--- Description of the task ---
Your answer must be an exact copy of the listing, with the images left out.

::::::::::

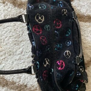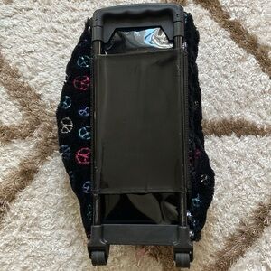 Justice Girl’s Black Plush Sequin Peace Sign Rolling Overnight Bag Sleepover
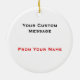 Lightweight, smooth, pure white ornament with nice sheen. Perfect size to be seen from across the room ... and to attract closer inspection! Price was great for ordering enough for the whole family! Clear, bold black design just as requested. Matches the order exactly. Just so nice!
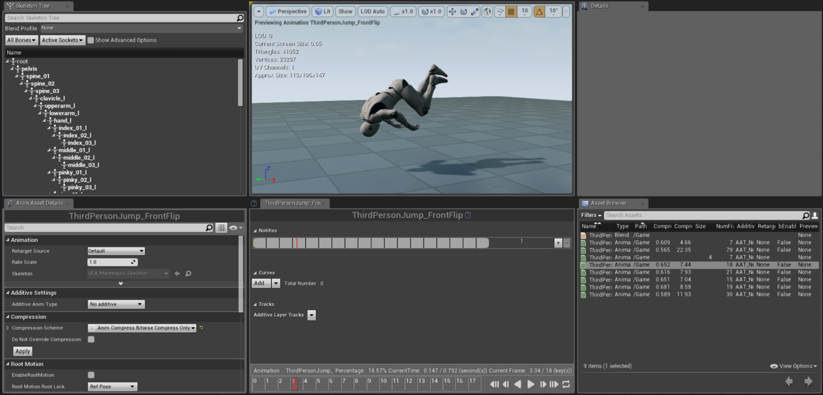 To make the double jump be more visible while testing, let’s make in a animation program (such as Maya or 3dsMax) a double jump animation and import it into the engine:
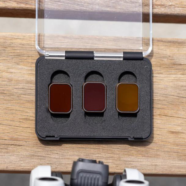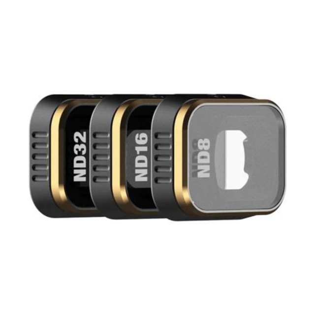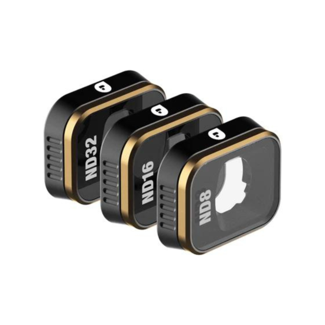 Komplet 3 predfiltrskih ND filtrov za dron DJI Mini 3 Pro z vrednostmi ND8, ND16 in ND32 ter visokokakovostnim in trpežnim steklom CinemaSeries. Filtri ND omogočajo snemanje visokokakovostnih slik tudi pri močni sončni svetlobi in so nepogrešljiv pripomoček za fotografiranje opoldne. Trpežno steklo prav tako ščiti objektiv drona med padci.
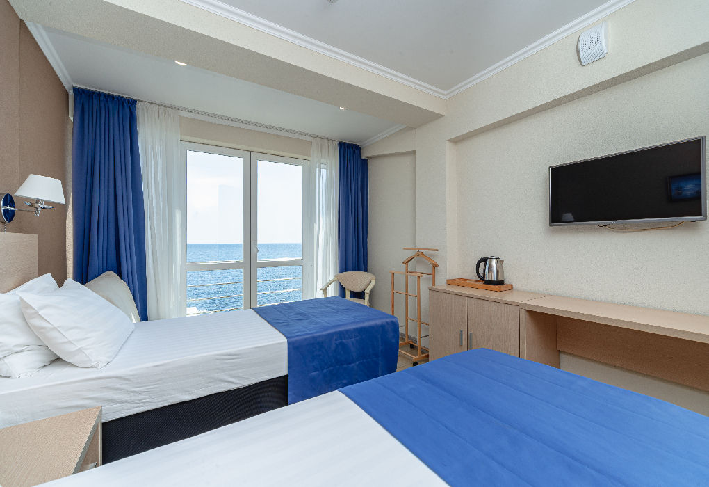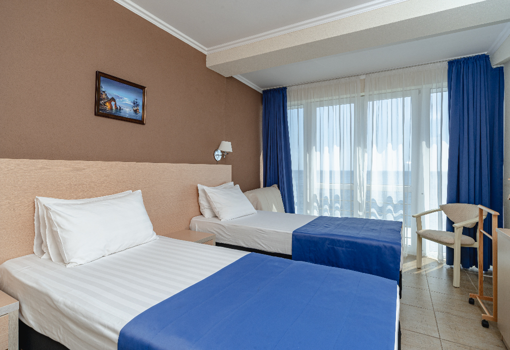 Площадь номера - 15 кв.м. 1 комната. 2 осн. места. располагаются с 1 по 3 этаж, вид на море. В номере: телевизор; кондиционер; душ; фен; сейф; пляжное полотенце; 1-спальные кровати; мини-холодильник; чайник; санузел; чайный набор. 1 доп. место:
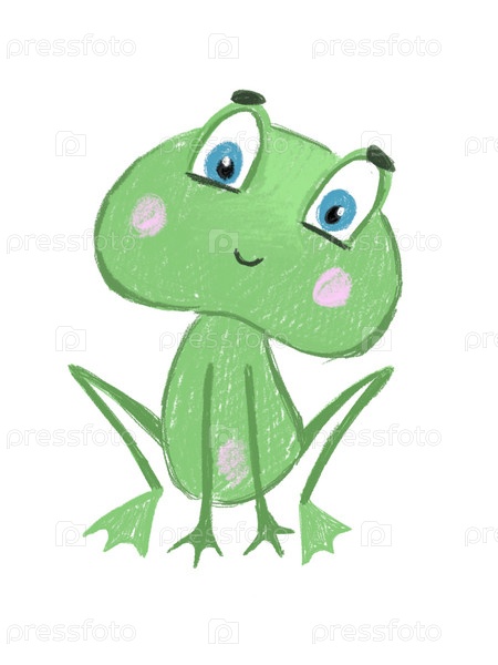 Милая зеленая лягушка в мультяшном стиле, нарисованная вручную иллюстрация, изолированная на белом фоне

::::::::::

--- Answer for the task ---
 Justice Girl’s Black Plush Sequin Peace Sign Rolling Overnight Bag Sleepover
 Lightweight, smooth, pure white ornament with nice sheen. Perfect size to be seen from across the room ... and to attract closer inspection! Price was great for ordering enough for the whole family! Clear, bold black design just as requested. Matches the order exactly. Just so nice!
 To make the double jump be more visible while testing, let’s make in a animation program (such as Maya or 3dsMax) a double jump animation and import it into the engine:
 Komplet 3 predfiltrskih ND filtrov za dron DJI Mini 3 Pro z vrednostmi ND8, ND16 in ND32 ter visokokakovostnim in trpežnim steklom CinemaSeries. Filtri ND omogočajo snemanje visokokakovostnih slik tudi pri močni sončni svetlobi in so nepogrešljiv pripomoček za fotografiranje opoldne. Trpežno steklo prav tako ščiti objektiv drona med padci.
 Площадь номера - 15 кв.м. 1 комната. 2 осн. места. располагаются с 1 по 3 этаж, вид на море. В номере: телевизор; кондиционер; душ; фен; сейф; пляжное полотенце; 1-спальные кровати; мини-холодильник; чайник; санузел; чайный набор. 1 доп. место:
 Милая зеленая лягушка в мультяшном стиле, нарисованная вручную иллюстрация, изолированная на белом фоне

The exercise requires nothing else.